| WHAT YOU NEED TO DO |
Below are records; report the number of lines among them that include the word "tapak", and nothing further.

| SUPPLIED ENTRIES |
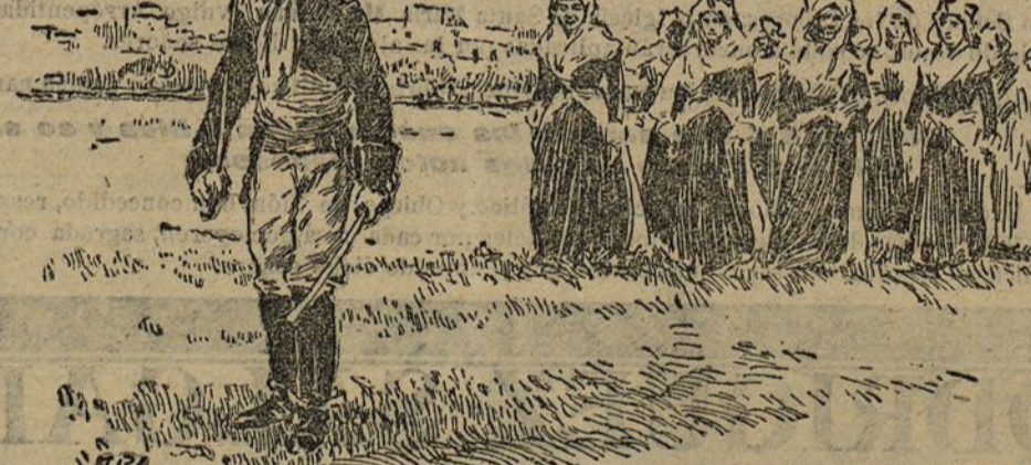
Mad. de Maintenon

En el programa de las prácticas militares de algún tiempo á esta parte viene realizando la Escuela Central de Tiro, de cuyos ejercicios debemos promovernos excelentes resultados para la mayor utilidad de tan importante Instituto, se ha señalado como terreno de experiencias, entre otros de que ya se ha ocupado la Prensa, los conocidos campos de Turégano, de positivo relieve en la historia de nuestra vida militar.
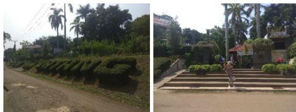
Gambar 8. View dari luar tapak

View dari dalam tapak terlihat indah jika dilihat dari atas bukit kapur yaitu berupa hamparan sawah yang hijau dan dibagian lain berupa rumah warga. Sedangkan view dari luar tapak berupa vegetasi yang ada di dalam tapak.
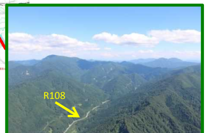
⑪ R108 宮城県境(国有林)
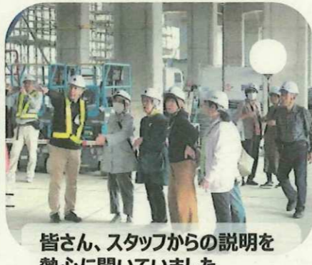
皆さん、スタッフからの説明を 熱心に聞いていました
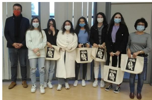
Les élèves de première spécialité HGGSP participant au Prix Bayeux-Calvados Normandie des correspondants de guerre.
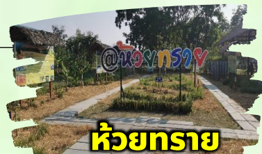
ห้วยทราย จ.เพชรบุรี
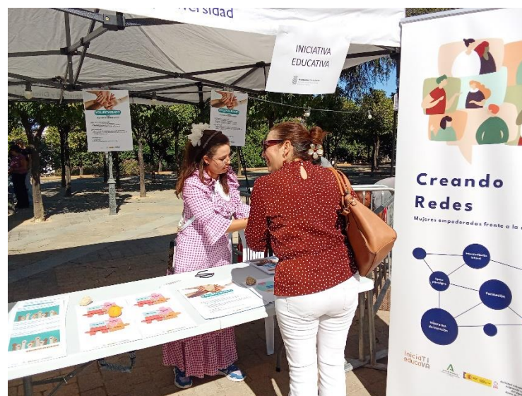
Nuestro equipo en la Feria Alma Hispana, acercando la acción social y el voluntariado a la comunidad (11 y 12 de octubre de 2025).

A lo largo de 2025, nuestra participación se ha centrado en:
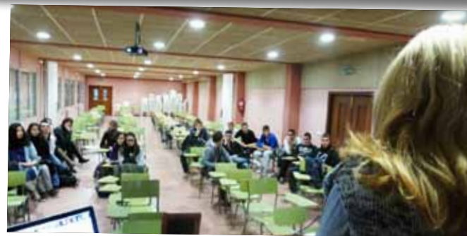
Sessió formativa 'Joves emprenedors' a l'INS Josep Vallverdú.
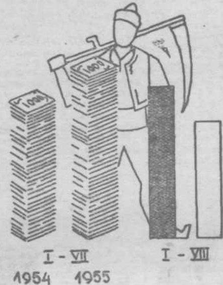
Med tem ko dohodki kmetovalcev rastejo (črtkasta stolpca), vplačevanje davkov v kmetijstvu pada (črni in beli stolpca)

Zaostajanje vplačila davkov se negativno odraža na tržišču v prvi vrsti zato, ker negativno vpliva na ponudbo kmečkih pridelkov. Razen tega vršijo povečani dohodki kmetov večji pritisk na tržišče industrijskih proizvodov, če se del teh dohodkov ne od-
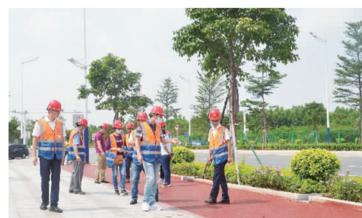
中国二十冶集团有限公司佛山西站一期路网工程项目经理部对项目情况进行检查。

环站东路(站前北路-兴业路)建设工程顺接环站东路、兴业路,与兴业路、招大路形成十
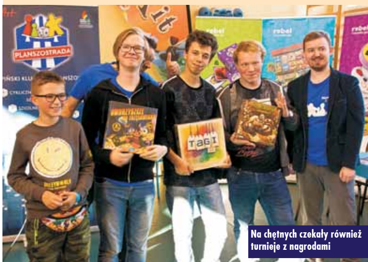
Na chętnych czekały również turnieje z nagrodami
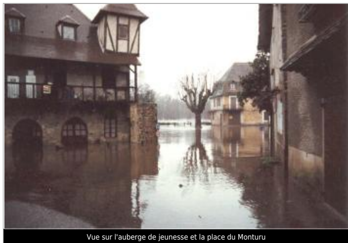
Vue sur l'auberge de jeunesse et la place du Monturu
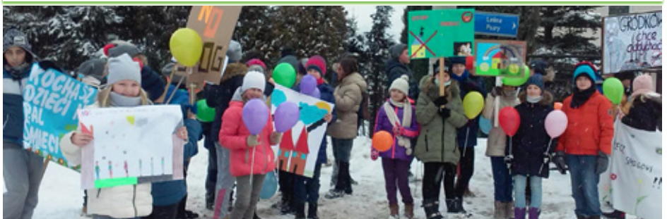
Manifestacja uczniów z Gródkowa
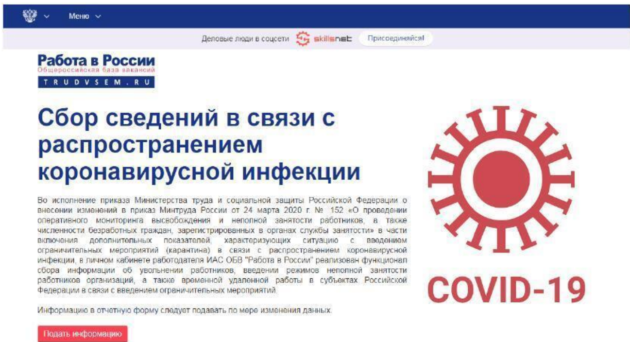
Рис. 2. Информационная страница
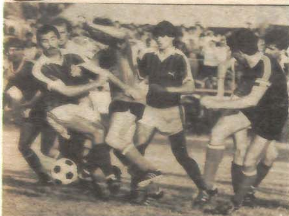
BORBA: Ova fotografija najbolje ilustruje dinamičnost susreta Rudar — Iskra, odigran pred 7000 gledalaca u Prijedoru, bez obzira što nije bilo golova.

| EXERCISE ANSWER |
2